* Data for this task *

....................

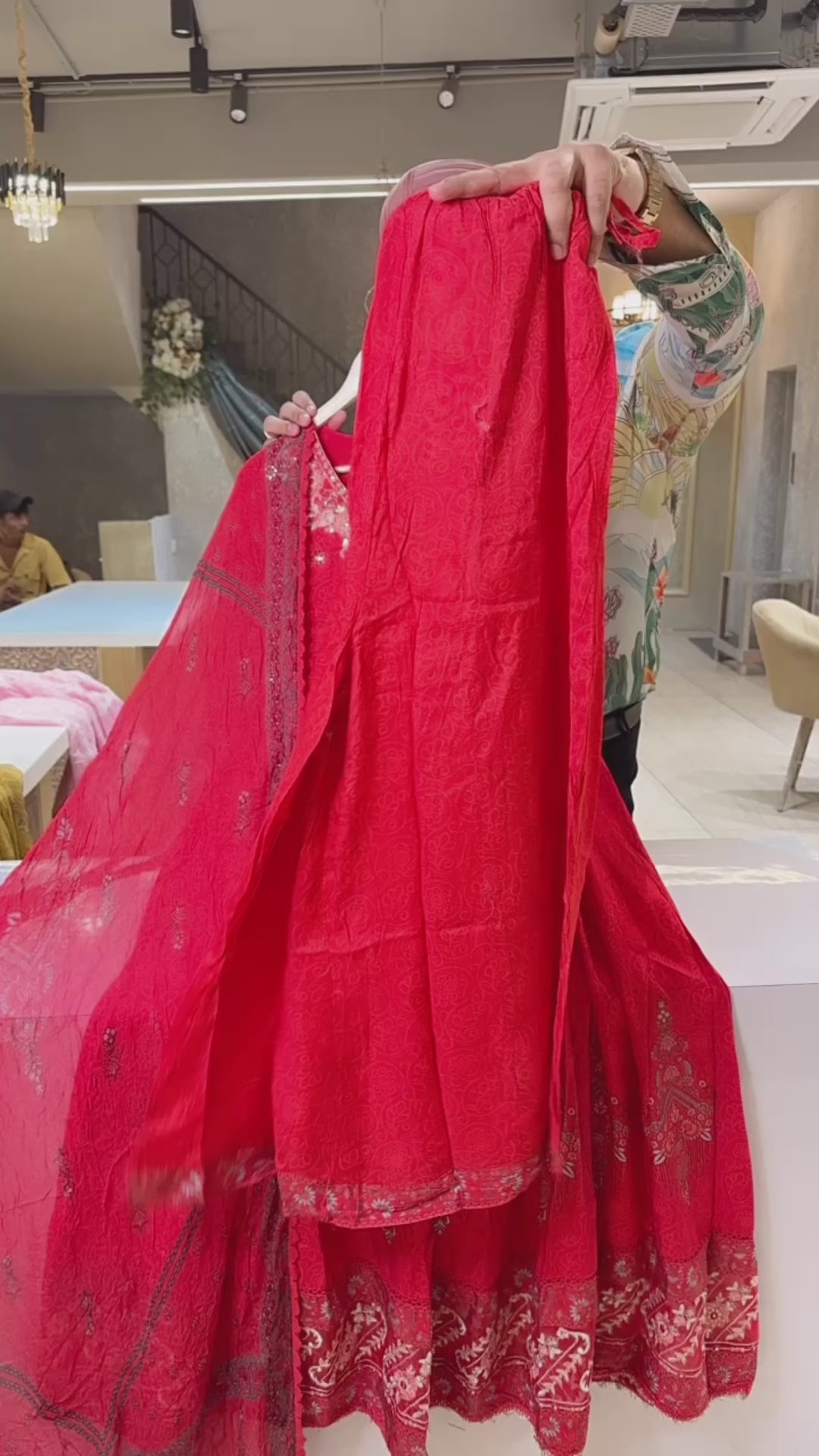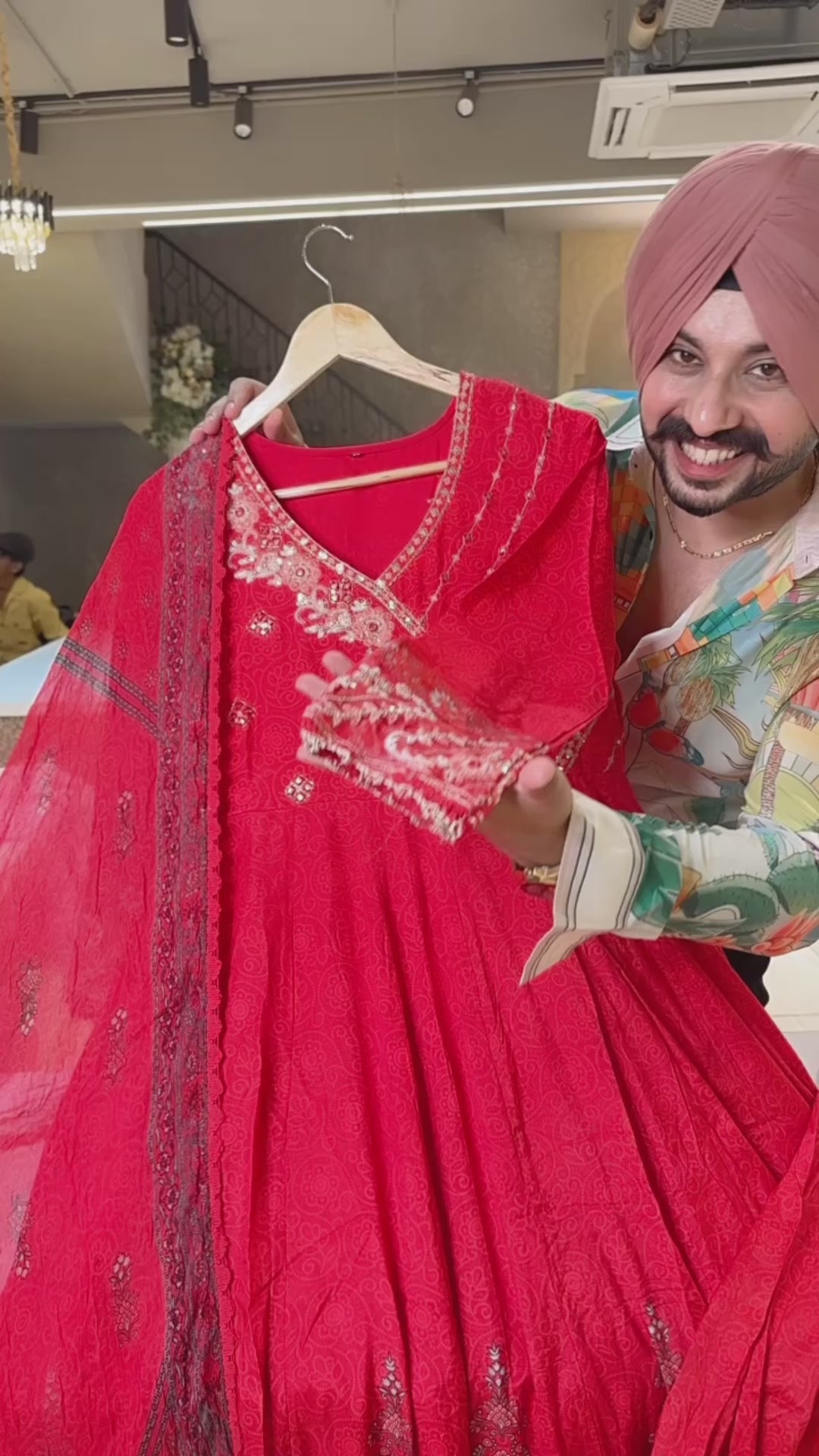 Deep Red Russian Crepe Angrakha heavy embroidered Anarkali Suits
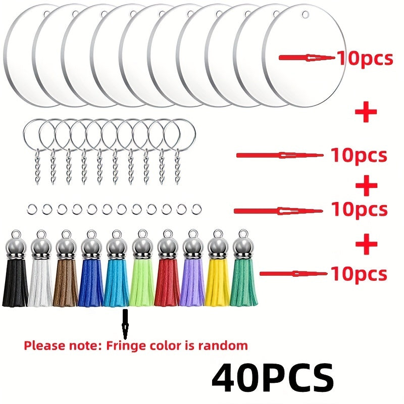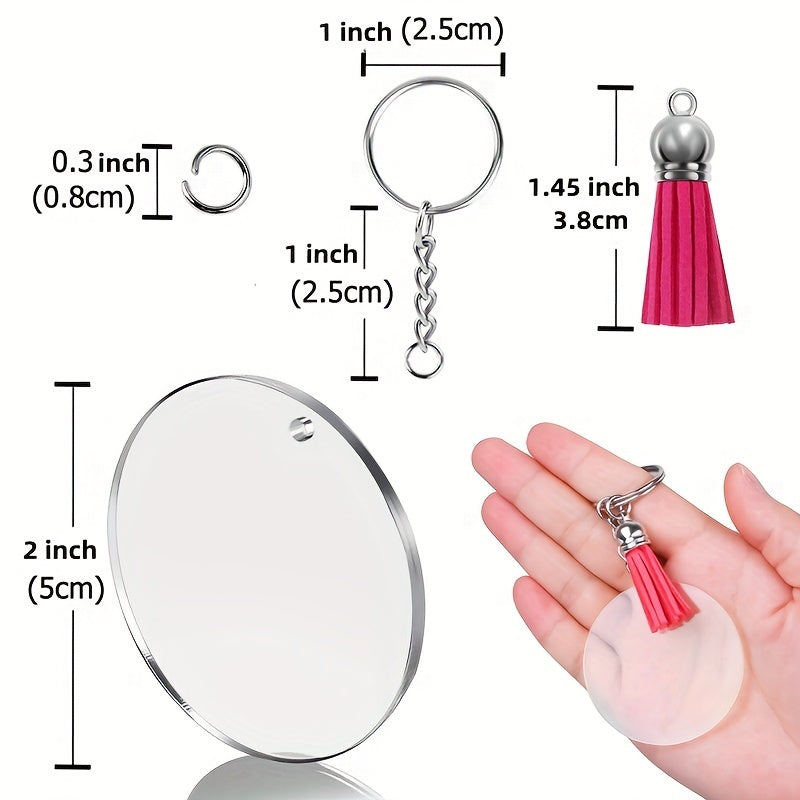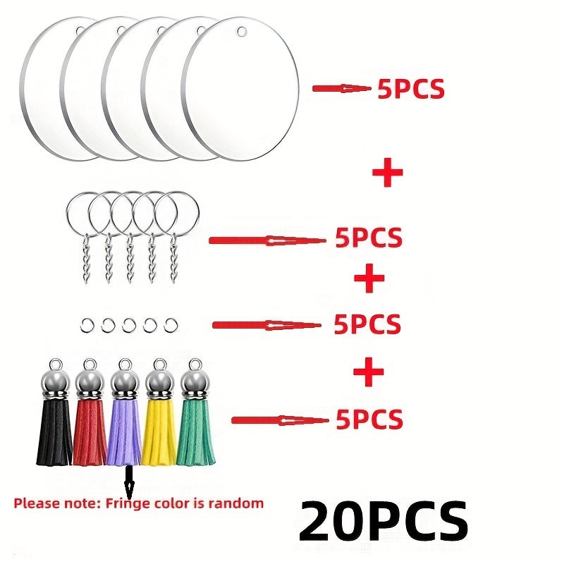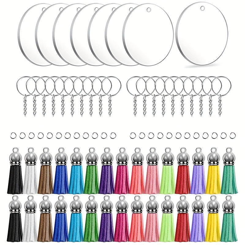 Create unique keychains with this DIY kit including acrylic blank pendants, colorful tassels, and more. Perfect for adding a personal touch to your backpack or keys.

....................

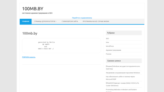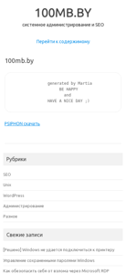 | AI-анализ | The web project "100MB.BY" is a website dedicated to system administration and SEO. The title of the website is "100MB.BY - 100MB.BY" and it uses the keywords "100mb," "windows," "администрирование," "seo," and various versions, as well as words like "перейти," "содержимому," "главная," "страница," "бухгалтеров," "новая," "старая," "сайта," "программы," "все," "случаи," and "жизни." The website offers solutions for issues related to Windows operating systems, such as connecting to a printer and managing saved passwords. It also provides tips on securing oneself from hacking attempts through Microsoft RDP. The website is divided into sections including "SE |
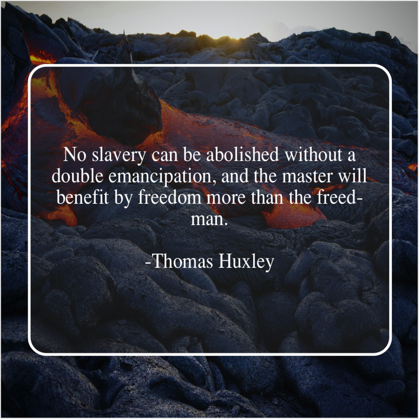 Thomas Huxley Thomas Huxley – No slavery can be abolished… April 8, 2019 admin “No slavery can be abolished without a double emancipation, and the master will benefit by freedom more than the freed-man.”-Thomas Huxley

....................

* What to work on *
What is needed is an exact copy of the lines above, from the one holding "Deep Red Russian" down to the one holding "Create unique keychains", with those two included and the pictures left out.

* Solution *
 Deep Red Russian Crepe Angrakha heavy embroidered Anarkali Suits
 Create unique keychains with this DIY kit including acrylic blank pendants, colorful tassels, and more. Perfect for adding a personal touch to your backpack or keys.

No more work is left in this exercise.